Lyme disease typically peaks in May through July, when the ticks that carry the disease are most active. More than 90 percent of Lyme cases pop up in the Northeast, Upper Midwest, and mid-Atlantic.

Lyme disease spreads in humans when people get bitten by tiny vampires | Lyme disease spread in humans

Lyme is the most common vector-borne disease in the US, more common than West Nile or Zika virus. But unlike Zika, which is transmitted from mosquitoes to humans, the bacteria that causes Lyme, Borrelia burgdorferi, reaches people through tick bites after moving through a chain of other species.

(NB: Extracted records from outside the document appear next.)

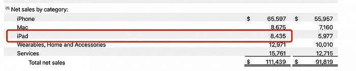 2020年第四季度,苹果iPad业务营收超过84亿美元,同比增长41%,2020全年,iPad的销量达到4550万台,这也是苹果iPad产品线七年以来的首次正增长。
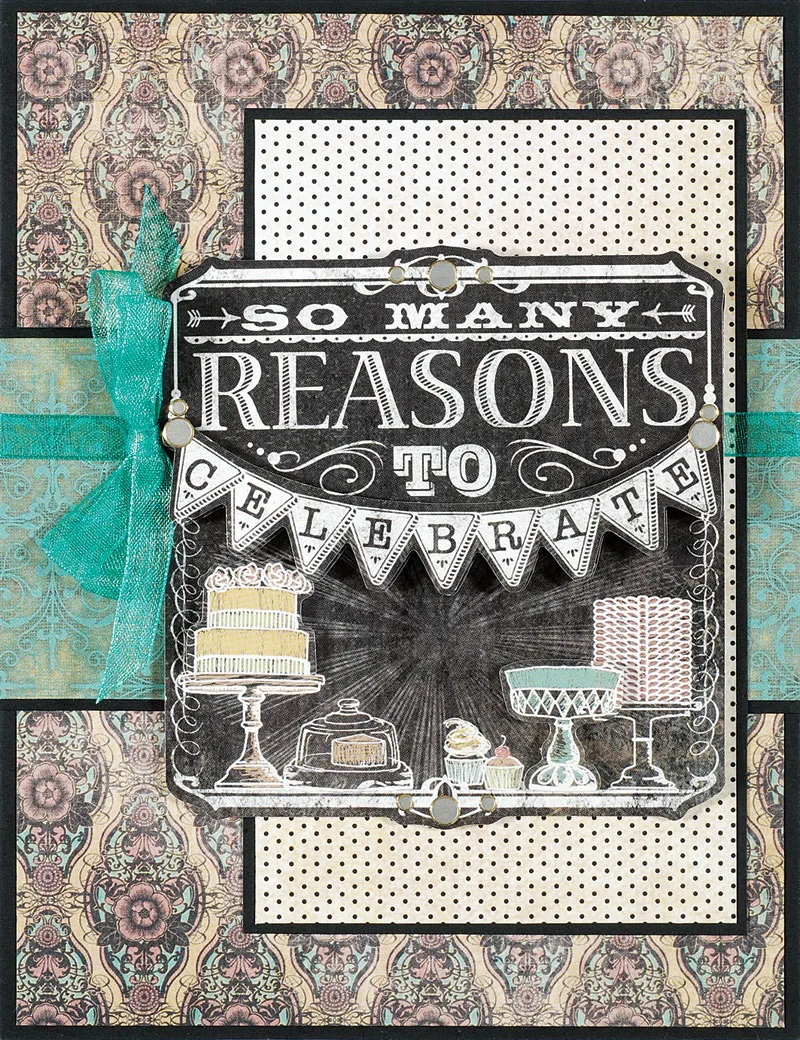 Cut 3"x5" Chalkboard white dotted paper and mat on black cardstock with 1/16" borders. Glue to the front, 3/8" from the right edge, slipping it under the ribbon. Punch out the “so many reasons to celebrate” Papier Tole die cuts and follow the package directions to assemble with foam tape between the layers. Glue to the front as shown.
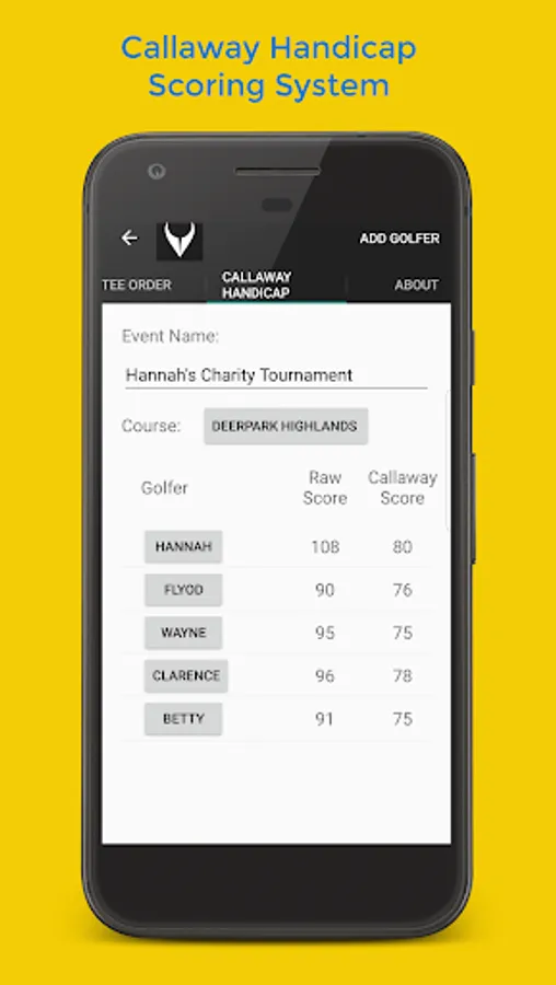 The Callaway Scoring Handicap System provides different skilled players with a "Callaway Score" which is a one-round handicapped score.

Lyme disease spread in humans | B. burgdorferi typically live in mice, chipmunks, birds, and deer in wooded areas. And these are all animals that ticks feast on. The tick is in fact quite vampire-like — not an insect, but in the same family as the spider, mite, and scorpion — and progresses through its three life stages fueled by the blood of mammals.

That includes humans. They’re attracted to the warmth and carbon dioxide we give off. Though they can’t jump or fly, they typically crawl onto us (and other animals) when we brush against them — walking through tall grass, playing in fields. If the ticks are carrying Lyme or other pathogens, they can infect us when they bite. (The precise amount of time a tick needs to be attached to the skin to transmit Lyme isn’t known — though many claim it takes 24 to 36 hours. What is clear: The risk of infection increases the longer a tick is attached.)